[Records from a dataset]
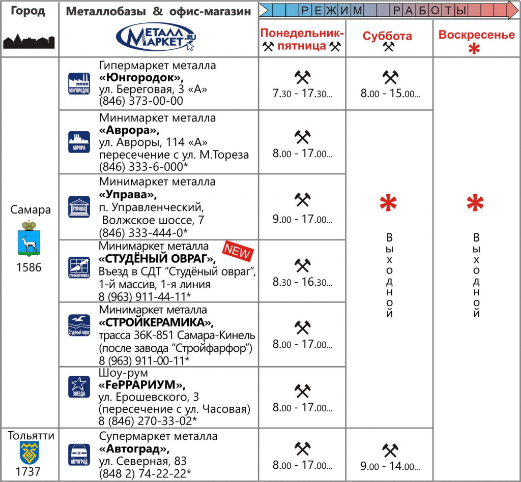 МЕТАЛЛ-МАРКЕТ обращает внимание на весенний шестидневный режим работы всех 6 металлобаз.
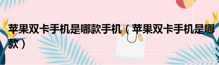 你们好,最近小活发现有诸多的小伙伴们对于苹果双卡手机是哪款手机,苹果双卡手机是哪款这个问题都颇为感兴趣的,今天小活为大家梳理了下,一起往下看看吧。
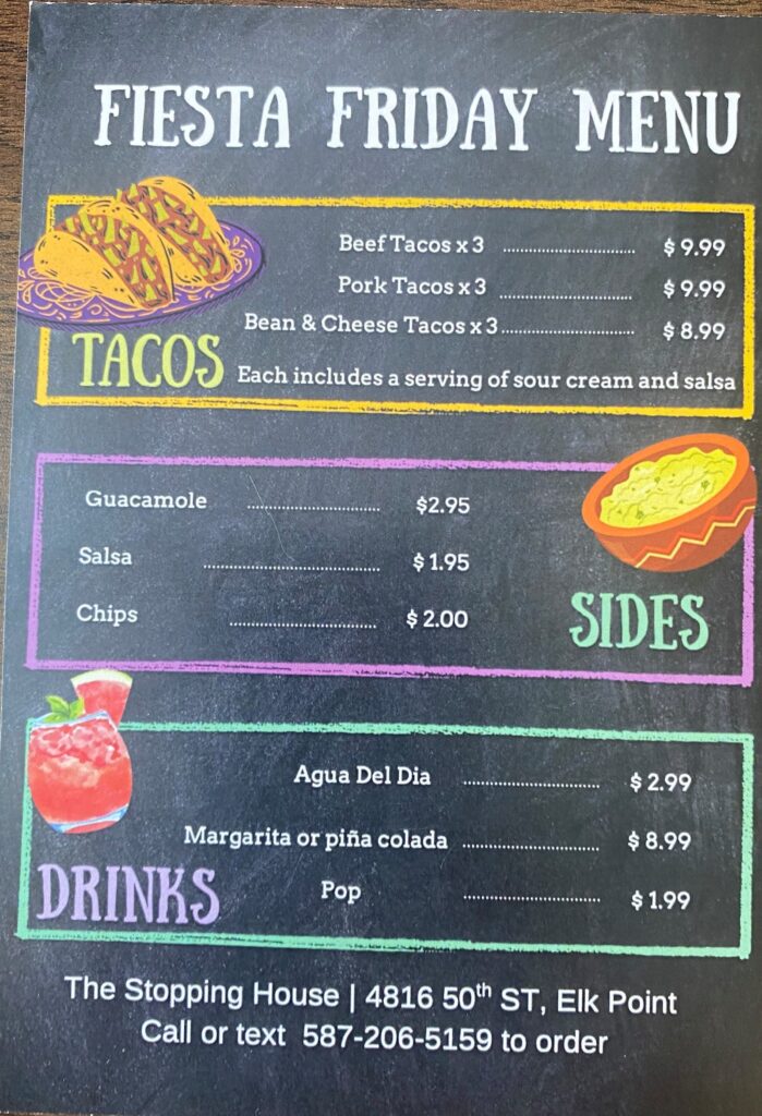 The Stopping House – Menu
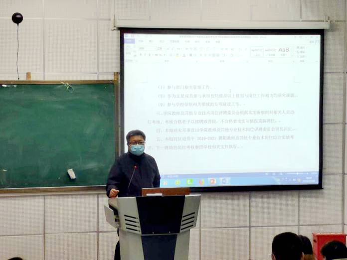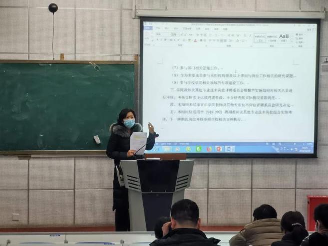 院长杨红对此次聘任考评工作的主要内容、流程、今年聘任考评工作的变化、目前工作的进度和安排进行了介绍,并对《实施细则》中的一些关键点作了详细解读。她指出,今年是十四五的开局之年,希望全体教职工以此次聘任为起点,结合学校“谋新局、开新篇”的总体布局,认真贯彻落实十九届六中全会精神,在未来的聘期中力争做出更多的实绩,为推动学校、wepoker德州 的发展贡献更多的力量。
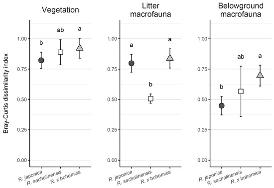 Bray-Curtis dissimilarity index of invaded communities compared to the native communities. Within each of the three compartments, differences between the Reynoutria species are labelled with the group-letters from a Kruskal-Wallis test ( = 0.05).
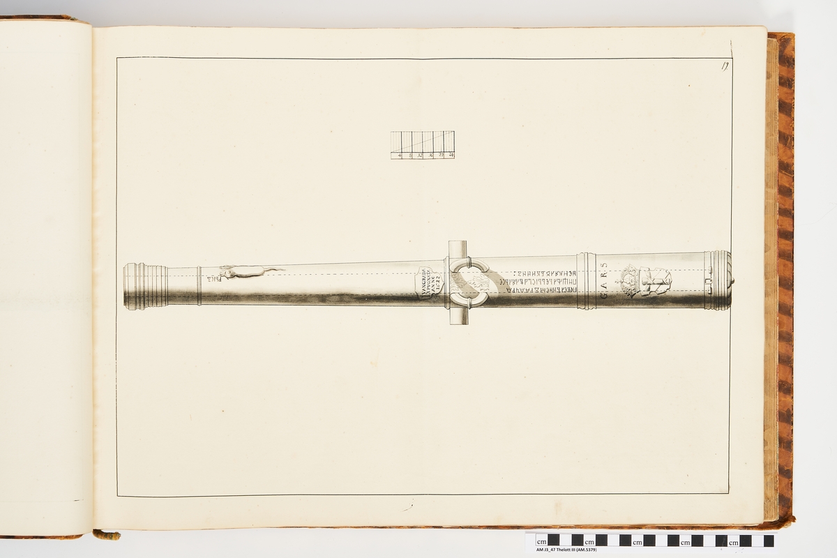 Avbildning föreställande rysk trofée som av kung Gustaf Adolf är tagna med Ivangrada år 1612, med bokstäverna GARS. Ingår i volym med avbildade äldre svenska eldrör förvarade på fästningar samt eldrör erövrade åren 1598-1679.
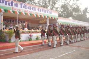 राजधानी से जनता तक| कोरबा| राजस्व एवं आपदा प्रबंधन, पुनर्वास, उच्च शिक्षा मंत्री छत्तीसगढ़ शासन टंक राम वर्मा के मुख्य आतिथ्य में कोरबा जिला मुख्यालय के सीएसईबी फुटबॉल ग्राउंड में हर्षोल्लास के साथ 77वें गणतंत्र दिवस के जिला स्तरीय समारोह का आयोजन हुआ। श्री वर्मा ने ध्वजारोहण कर परेड की सलामी ली। जिला स्तरीय समारोह में इस वर्ष राष्ट्रगान के साथ-साथ राष्ट्रीय गीत का भी सस्वर गायन किया गया। मुख्य अतिथि द्वारा प्रदेश के मुख्यमंत्री श्री विष्णुदेव साय का छत्तीसगढ़ वासियों के नाम संदेश का वाचन किया गया। अनेकता में एकता के प्रतीक गुब्बारे आकाश में छोड़े गये। गणतंत्र दिवस के अवसर पर जिले के शहीदों के परिजनों को शॉल, श्रीफल भेंट कर विशेष सम्मान किया गया और वीर सेनानियों की शहादत के प्रति कृतज्ञता व्यक्त की गई।
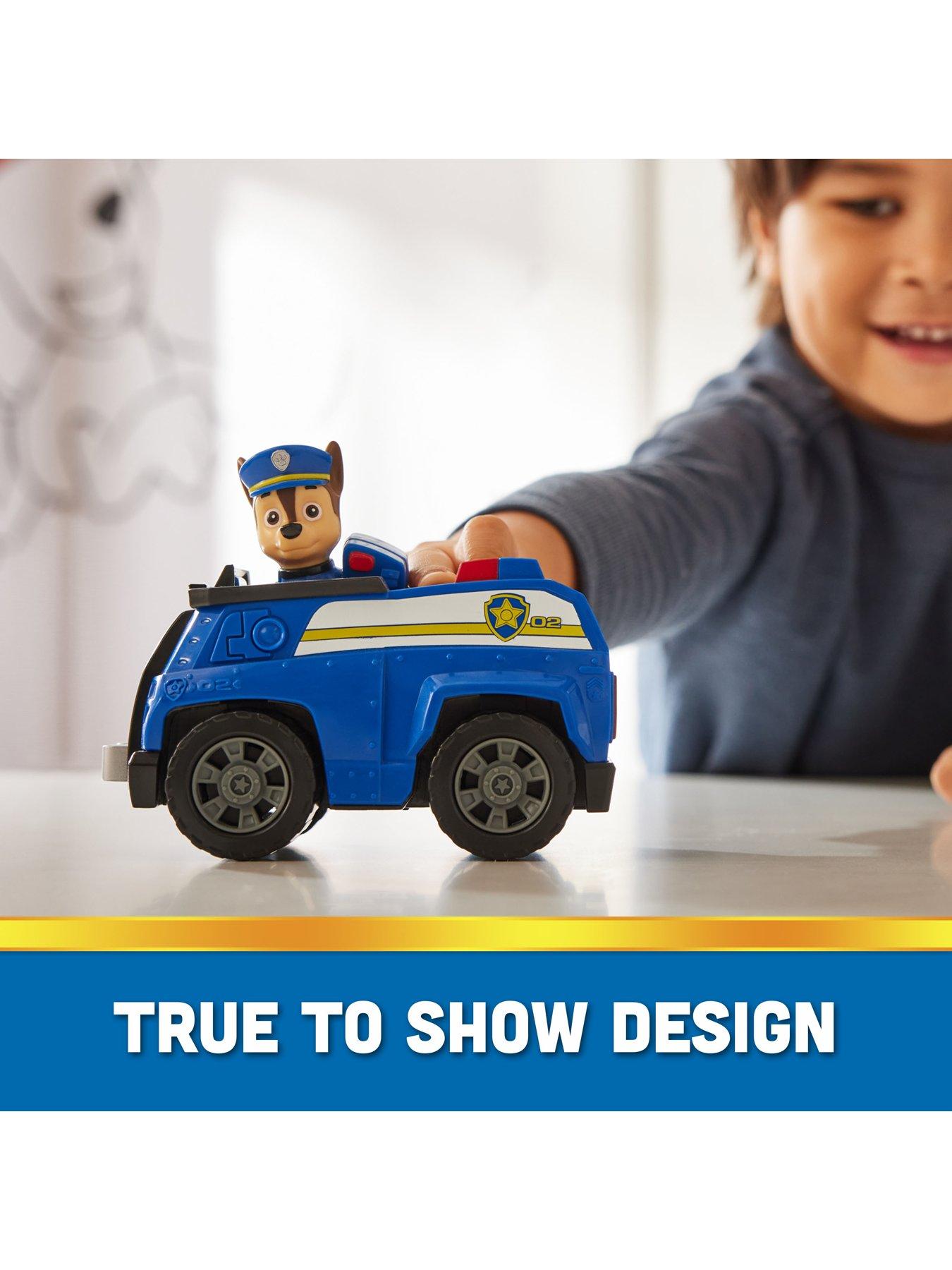 Paw Patrol Core Vehicle - ChaseThe PAW Patrol are on a roll in their rescue vehicles! Join Chase on action-packed missions with his Police Cruiser! When trouble strikes, place Chase (figure included) into the driver's seat and roll to the rescue with real working wheels! With authentic detailing and realistic features, the PAW Patrol's beloved police dog and his cruiser bring all the excitement of PAW Patrol to life. As your child plays with Chase and his Police Cruiser, your child's imagination will be lit up with rescue missions full of friendship, teamwork and bravery. Team up with the rest of the pups and their rescue vehicles (each sold separately) and help to save the day in Adventure Bay! Race to the ruff ruff rescue with Chase and his Patrol Cruiser!
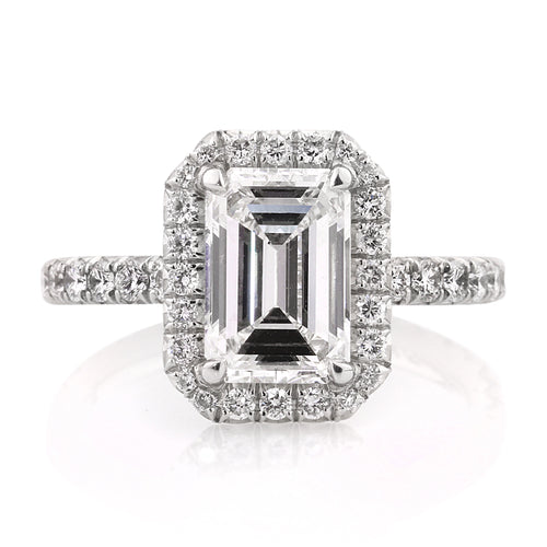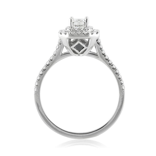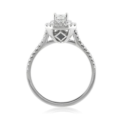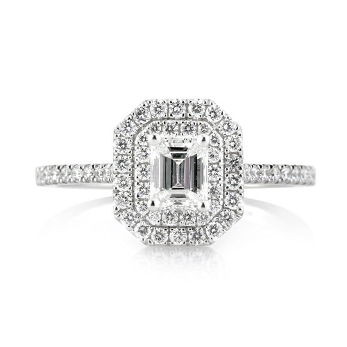 Enjoy the compliments that will be coming with this emerald cut diamond engagement ring. The exquisite 0.51ct emerald cut center diamond extremely white and super clean. It is set in a double halo of micro pavé round diamonds and is further accented by a row of diamonds on the 18k white gold shank. This emerald beauty will mesmerize you!
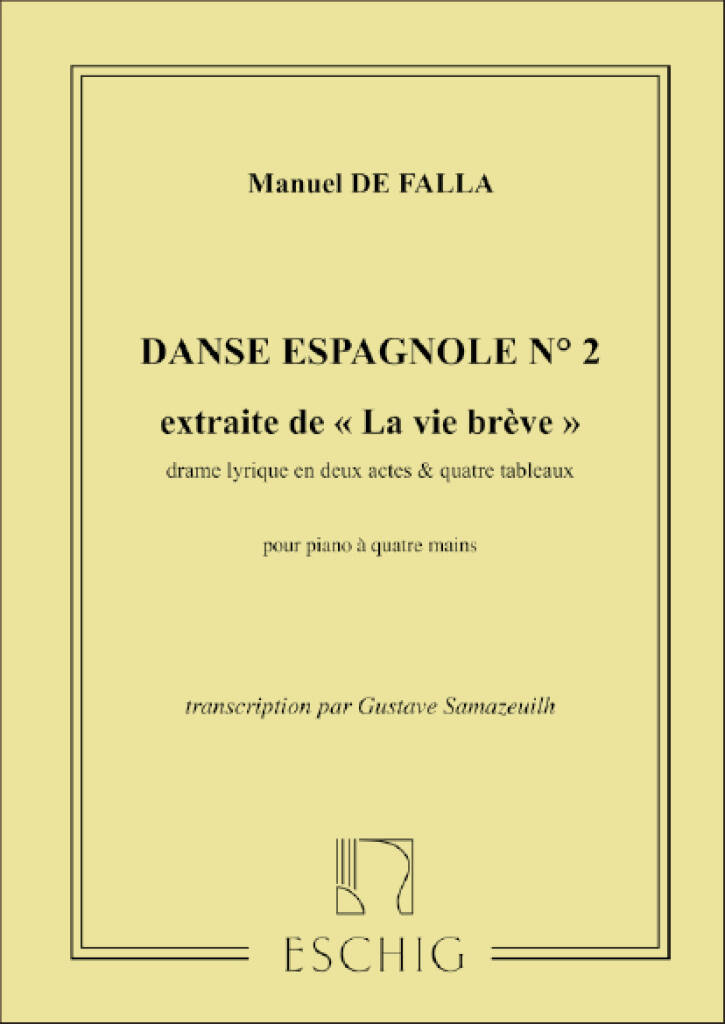 Vie Breve: Danse Espagnole N 2 Pour Piano A Quatre Mains (G. Samazeuilh) FALLA MANUEL DE
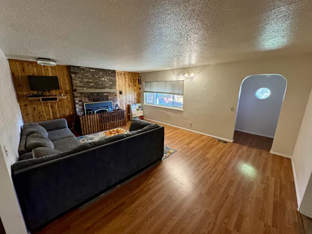 Great street presence! Large corner lot fenced w/trees front & back. The entry opens to a comfortable living room complete with a fireplace and Lopi wood stove insert. The spacious kitchen has lots of counter space plus a bar & is open to the dining area. There are 3 bedrooms & 2 bathrooms downstairs plus a massive 4th bedroom room upstairs. Two car garage , but one side has been converted to an office -(change the door & it would be a garage again ! There is a large wrap around front & side yard – plus the back yard is expansive as well – even has a fenced off sizeable garden area. A real PLUS – also has RV parking! NOTE: The home was a Child Day Care. The play ground with its equipment is included in the sale, but the Trampoline will be taken by the Seller. Easy to show now !
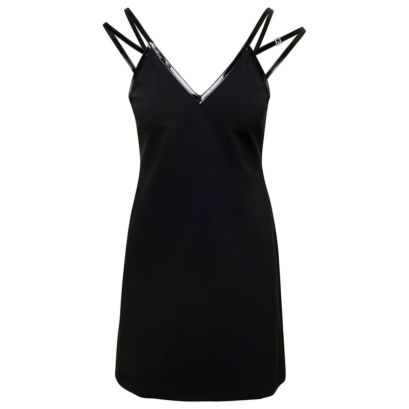 description" content=" mini dress v neckline double strap square g embellishment black patent leather trim invisible zip fastening at the back straight hem black stretch viscose ...
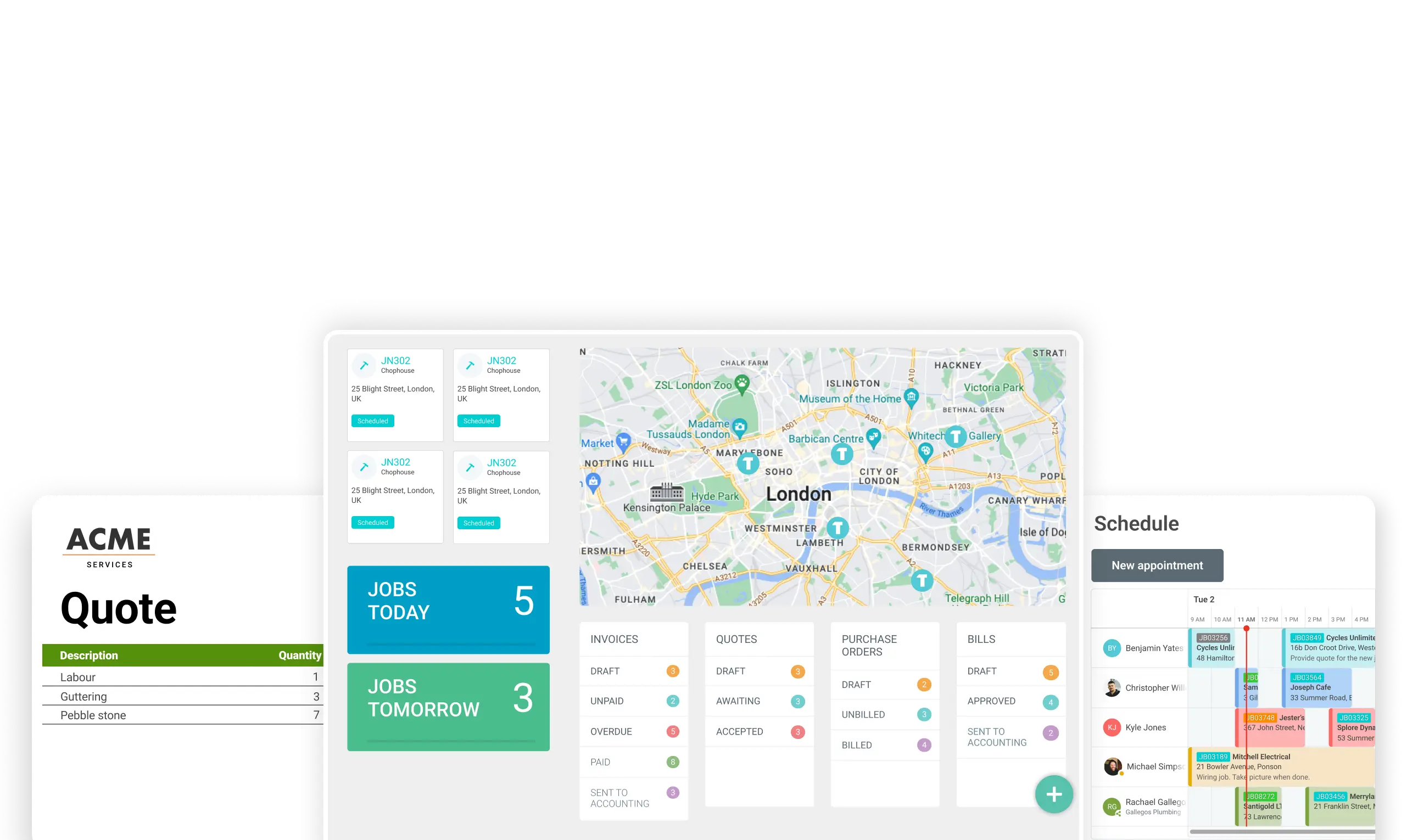 The all-in-one job app for electricians, plumbers, gas engineers, HVAC techs, builders, and other trade businesses.
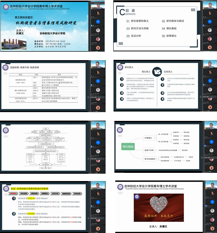 4月14日下午18:00,疫情特殊时期,为丰富和充实研究生业余活动和提升科研水平,91短视频 举行“疫路相伴,春暖花开”党员教师系列导学讲座,主要组织青年博士开展系列专题讲座,本次由91短视频 关博文老师以线上腾讯会议的方式为我院学生作出主题为“机构投资者与债券信用风险研究”学术报告。该次会议由91短视频 副院长王丽南老师主持,91短视频 2020、2021级全日制研究生共同参与聆听。
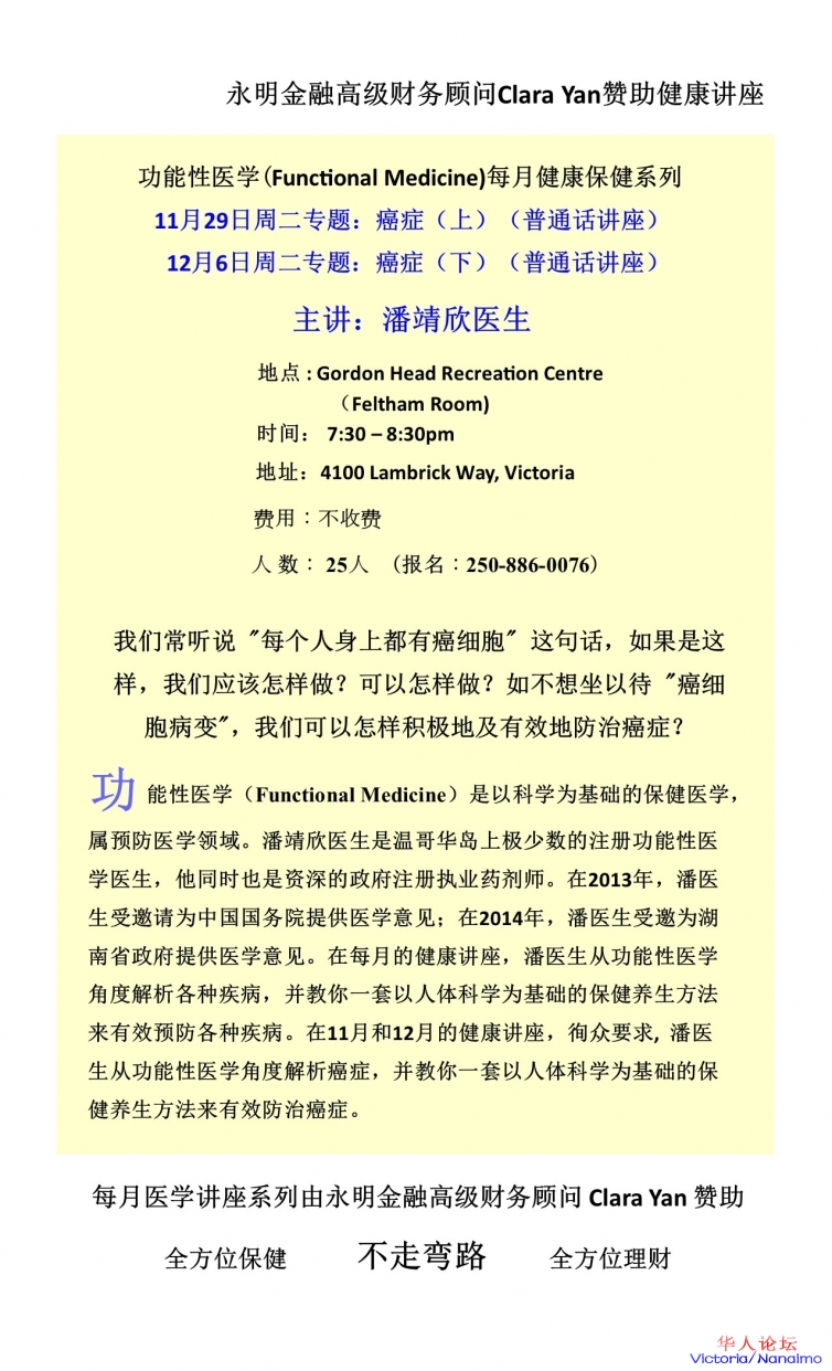 潘靖欣医生健康讲座主题癌症,分在11月29日(上)和12月6日(下)举行。有兴趣了解功能性医学如何防治癌症的朋友不要错过。在这两次讲座我也会简短介绍重大病保险是如何操作和理赔资料包括除外条款等。$ P: X9 ?& B) X% v" Z: R

About this exercise: Your task is to return the lines above, from the first one up to and including the line containing "Bray-Curtis dissimilarity index", minus any pictures.

Answer below:
 МЕТАЛЛ-МАРКЕТ обращает внимание на весенний шестидневный режим работы всех 6 металлобаз.
 你们好,最近小活发现有诸多的小伙伴们对于苹果双卡手机是哪款手机,苹果双卡手机是哪款这个问题都颇为感兴趣的,今天小活为大家梳理了下,一起往下看看吧。
 The Stopping House – Menu
 院长杨红对此次聘任考评工作的主要内容、流程、今年聘任考评工作的变化、目前工作的进度和安排进行了介绍,并对《实施细则》中的一些关键点作了详细解读。她指出,今年是十四五的开局之年,希望全体教职工以此次聘任为起点,结合学校“谋新局、开新篇”的总体布局,认真贯彻落实十九届六中全会精神,在未来的聘期中力争做出更多的实绩,为推动学校、wepoker德州 的发展贡献更多的力量。
 Bray-Curtis dissimilarity index of invaded communities compared to the native communities. Within each of the three compartments, differences between the Reynoutria species are labelled with the group-letters from a Kruskal-Wallis test ( = 0.05).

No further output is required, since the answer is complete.